CROSS-REFERENCE TO RELATED APPLICATIONS
FIELD OF THE INVENTION
This application claims the benefit of U.S. Provisional Application No. 60/421,759, filed on Oct. 28, 2002. The disclosure of the above application is incorporated herein by reference.
- BACKGROUND OF THE INVENTION
The present invention relates generally to a fastener and, more particularly, to an encaged, threaded fastener.
With ever increasing design demands, flexibility and adaptivity of unibody construction is increasingly required in order to provide vehicles that meet broader customer needs. Increases in the number of components and structures which are coupled to the unibody construction have led designers to consistently add threaded fasteners to the unibody frame. Variation in manufacturing tolerances require that the fastener couple to the unibody frame in a way which allows a degree of positional adjustment during final assembly. This positional adjustment is provided by using a female fastener, which is an encaged fastener. Typically, this takes the form of a nut encaged in a structure that is attached to the inner body frame. The cage is configured so as to provide the nut with a range of movement so that when a component is coupled to the frame, the alignment of the component and frame can be adjusted until they meet manufacturing standards.
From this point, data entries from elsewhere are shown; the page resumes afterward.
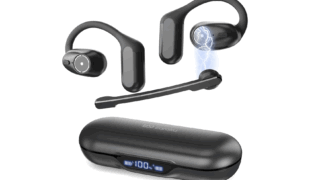 Earaku MicCuffは、耳を塞がないオープンイヤー型のBluetoothヘッドセット。脱着式マイクとENCノイズキャンセリング、ミュート機能で通話品質を向上。片耳・両耳対応、Bluetooth 5.4・長時間再生で在宅勤務やオンライン会議、AI文字起こし・翻訳にも最適。
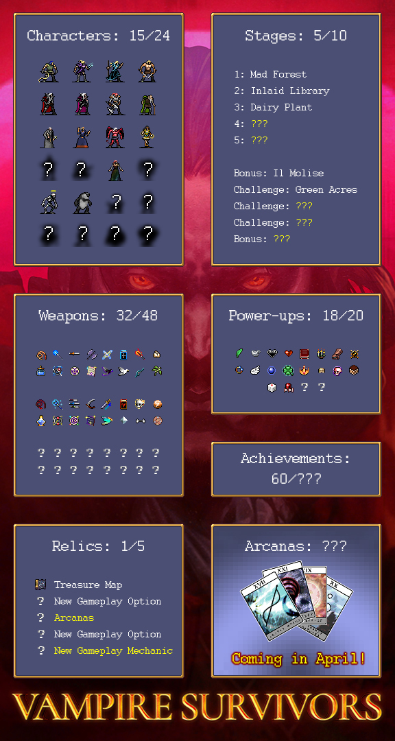 When Vampire Survivors first released on Steam in Early Access, it was estimated to be at 60% content completion. The game had 7 playable characters, 22 weapons, 12 power-ups, 1 stage, and 23 achievements.
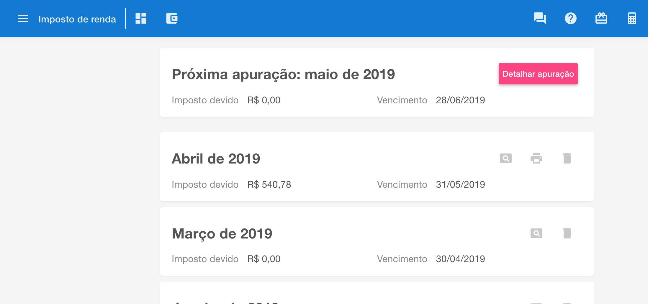 Para iniciar o processo de apuração de um determinado mês é necessário clicar no botão  , que é exibido no painel de Imposto de Renda da Visão Geral ou na tela de Imposto de renda que pode ser acessar pelo menu de principal, conforme imagens abaixo.

- SUMMARY OF THE INVENTION
Very large variations in vehicle manufacturing tolerances, however, significantly increase the possible loading on fasteners, thus requiring larger and heaver fastening systems be used. This increase in fastener weight leads vehicle manufactures to make costly weight decreases in other portions of the vehicle to maintain government fuel efficiency standards. Accordingly, a need exists for a fastener with decreased weight and improved strength.
The present invention provides a caged fastener assembly. In another aspect of the present invention, the fastener is a cage nut assembly which has a nut with a body and depending base. A further aspect of the present invention provides a cage disposed about at least a portion of the nut. In yet another aspect of the present invention, a transition thickness in a fastener is greater than a body and/or base thickness.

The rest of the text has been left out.